Q. two electrolyte cells containing silver nitrate solution and dilute sulphuric acid solution were connected in series. A steady current of 2.5 amp was passed through them till 1.078 g of silver was deposited.[Ag= 107.8 g/mol]. A) how much electricity was consumed? B) what was the weight of oxygen gas liberated? I need the procedure pls

To tackle this problem, we need to apply some fundamental concepts from electrochemistry, particularly Faraday's laws of electrolysis. Let's break down the question into two parts: calculating the electricity consumed and determining the weight of oxygen gas liberated.

Calculating Electricity Consumed

First, we need to find out how much electricity was consumed during the deposition of silver. According to Faraday's first law of electrolysis, the amount of substance deposited or liberated at an electrode is directly proportional to the quantity of electricity passed through the cell. The formula we use is:

Q = n × F

Where:

• Q = total charge in coulombs (C)
• n = number of moles of the substance deposited
• F = Faraday's constant (approximately 96485 C/mol)

Next, we need to calculate the number of moles of silver deposited. We can use the formula:

n = m / M

Where:

• m = mass of silver deposited (1.078 g)
• M = molar mass of silver (107.8 g/mol)

Plugging in the values:

n = 1.078 g / 107.8 g/mol = 0.01 mol

Now, substituting this value into the first equation:

Q = 0.01 mol × 96485 C/mol = 964.85 C

Determining Weight of Oxygen Gas Liberated

Next, we need to find out how much oxygen gas was liberated during the electrolysis of dilute sulfuric acid. The reaction at the anode can be represented as:

2H₂O → O₂ + 4H⁺ + 4e^-

This indicates that for every 4 moles of electrons (4e^-), 1 mole of oxygen gas (O₂) is produced.

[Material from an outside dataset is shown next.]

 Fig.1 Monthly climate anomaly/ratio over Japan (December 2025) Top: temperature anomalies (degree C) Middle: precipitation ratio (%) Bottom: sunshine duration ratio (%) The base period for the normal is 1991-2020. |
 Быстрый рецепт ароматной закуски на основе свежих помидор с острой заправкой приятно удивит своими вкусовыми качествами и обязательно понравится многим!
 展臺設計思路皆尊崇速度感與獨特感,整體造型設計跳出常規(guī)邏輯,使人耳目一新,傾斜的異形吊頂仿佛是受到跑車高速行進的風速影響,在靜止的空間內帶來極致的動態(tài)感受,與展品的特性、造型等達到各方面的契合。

To find the number of moles of oxygen gas liberated, we first need to calculate the total charge passed through the cell, which we already found to be 964.85 C.

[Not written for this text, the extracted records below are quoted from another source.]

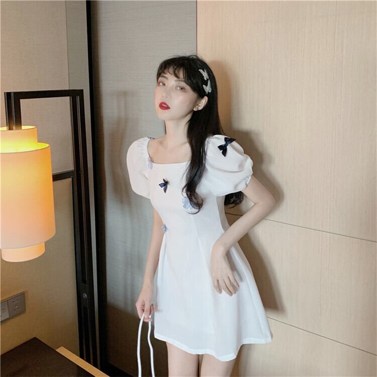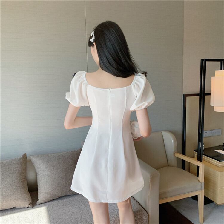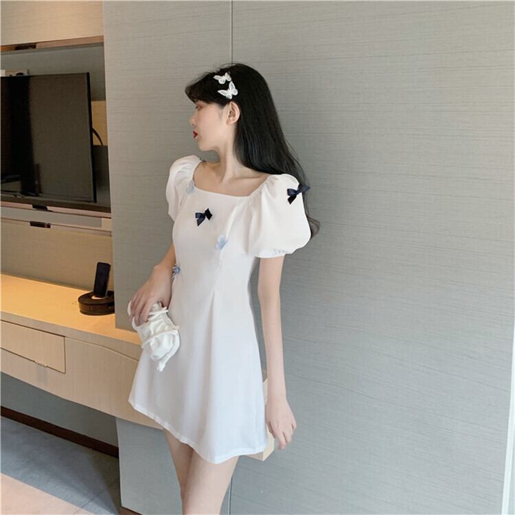 スリムフィット エレガント 百掛け ワンピース スクエアネック パフスリーブ 蝶結び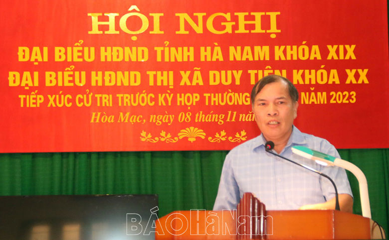 Chiều 8/11, thực hiện chương trình tiếp xúc cử tri trước Kỳ họp thường lệ cuối năm 2023, đại biểu HĐND tỉnh đã chia Tổ về một số xã, phường, thị trấn của các huyện: Thanh Liêm, Lý Nhân và thị xã Duy Tiên báo cáo nội dung, chương trình kỳ họp và nắm bắt tâm tư, nguyện vọng, ý kiến, kiến nghị của cử tri và nhân dân.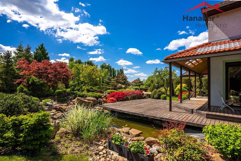 Byl jsem osloven majiteli tohoto úžasného domu, abych jim pomohl s jeho prodejem. To jsem ho ale ještě neviděl, jen mi kamarád řekl, že budu překvapený. A také jsem byl. První, co mě napadlo, když jsem ho viděl, bylo: Americký styl. Terasy kolem domu, velká okna, prostorný interiér se schodištěm, z části otevřený prostor z 1. do 2. podlaží, různé linie střechy. Můj pocit umocňovala také poloha rodinného domu v klidné, lukrativní a vyhledávané části těsně na okraji města Ústí nad Labem, v obci Chuderov . Takové bydlení mimo ruch města, ale v podstatě ve městě, pouhých 10 minut autobusem či autem od centra Jak se říká: co by dup. Zastavěná plocha domu je 649 m2, přičemž užitná plocha je 310 m2. Celková plocha je však 1884 m2. A co tvoří rozdíl mezi celkovou plochou a zastavěnou plochou? Je to úžasná a udržovaná zahrada v asijském stylu o rozloze 1235 m2, která vám nabízí možnost trávení volného času odpočinkem s hezkou knihou, kávou nebo sklenkou vína. Dům, který vám nabízíme má 2 byty. Jeden je o velikosti 3+kk s plochou 70 m2 a disponuje v 1. nadzemním podlaží kuchyní s obývacím pokojem a koupelnou. Ve druhém podlaží se nachází 2 pokoje s koupelnou a šatnou. V tuto chvíli majitelé tento byt dlouhodobě pronajímají spolehlivému nájemníkovi. Pokud bude nový majitel souhlasit s touto skutečností, nájemníci rádi zůstanou. To by pro nového majitele mohl být bonus pokud by koupi domu řešil Hypotečním úvěrem. Nájem by mohl pomoci při jeho splácení. . Druhý byt, ve kterém bydlí majitelé je o velikosti 7+kk, kdy se v 1. nadzemním podlaží nachází kuchyně s jídelnou, obývacím pokojem, malou pracovnou, technickou místností, místností na plynový kotel a koupelnou se sprchovým koutem a toaletou. 2. nadzemní podlaží disponuje ložnicí, 2 dětskými pokoji, malou obývací místností, šatnou a velkou koupelnou s rohovou vanou a toaletou. Z obývacího pokoje je přímý vstup na terasu a úžasný výhled do zahrady se zahradním jezírkem a potůčkem s přepadem. A to není vše! Zahradu krášlí japonské javory, ornamentální borovice či modřín, korejské jedle, převislé smrky a modříny, různé odrůdy borovic nebo kanadská tsuga. V zadní části zahrady se nachází ovocné stromy jako jabloň, švestka, meruňka a broskvoň. Možná vás napadá otázka: Jak celou zahradu zalévat? I toto majitelé vyřešili formou automatické závlahy, která je řešena čtyřmi okruhy a je napojena na vlastní studnu na pozemku. Zahradní nábytek nebo zahradní nářadí můžete pohodlně uskladnit v zahradním domku. Pozemek je oplocený a je zde možnost použít 2 vjezdy. Jeden je přímo z ulice a druhý se nachází za domem. Je zde možné parkovat minimálně 5 automobilů s možností připojení elektromobilu. A technické údaje? Dům je postaven z kvalitních materiálů-sedlová střecha, izolovaná vatou, střešní, pálené tašky Bramac, plastová okna, betonové základy, cihlové obvodové stěny Porotherm, zateplení domu polystyrenem o tloušťce 100 mm Vytápění domu zajišťuje lokální plynový kotel značky Buderus. Tím je zajištěn i ohřev teplé vody v zásobníku stejné značky. Na pozemku je i vlastní čistička odpadních vod. Samozřejmostí je napojení na veškeré inženýrské sítě a zabezpečovací systém Rokonet, a to včetně požárních hlásičů. Měsíční náklady na chod domu se pohybují kolem 12.500,-Kč. K dispozici máme i projektovou dokumentaci, do které je možno nahlédnout při prohlídce domu. Pokud hledáte právě takovou nemovitost, přijďte se podívat. Domluvte si osobní prohlídku a nechte se řídit svými pocity, které vám napoví. V případě, že se rozhodnete pro koupi domu a financování hypotečním úvěrem, máme k dispozici hypotečního specialistu, který pracuje pro více bank a dokáže vám tak nastavit pro vás výhodné podmínky pro získání tohoto úvěru. A převod energií? I toto vám dokážeme zprostředkovat přímo na naší pobočce.

Using Faraday's constant, we can find the number of moles of electrons:

n_e = Q / F

Substituting the values:

n_e = 964.85 C / 96485 C/mol = 0.01 mol

Now, since 4 moles of electrons produce 1 mole of oxygen gas, we can find the moles of oxygen gas produced:

n_O2 = n_e / 4 = 0.01 mol / 4 = 0.0025 mol

Finally, we can calculate the mass of oxygen gas liberated using the molar mass of oxygen (approximately 32 g/mol):

m_O2 = n_O2 × M_O2

Substituting the values:

m_O2 = 0.0025 mol × 32 g/mol = 0.08 g

Summary of Results

To summarize:

• The total electricity consumed was approximately 964.85 C.
• The weight of oxygen gas liberated was 0.08 g.

This process illustrates the relationship between electricity and chemical reactions in electrolysis, showcasing how we can quantify the outcomes based on the principles of electrochemistry.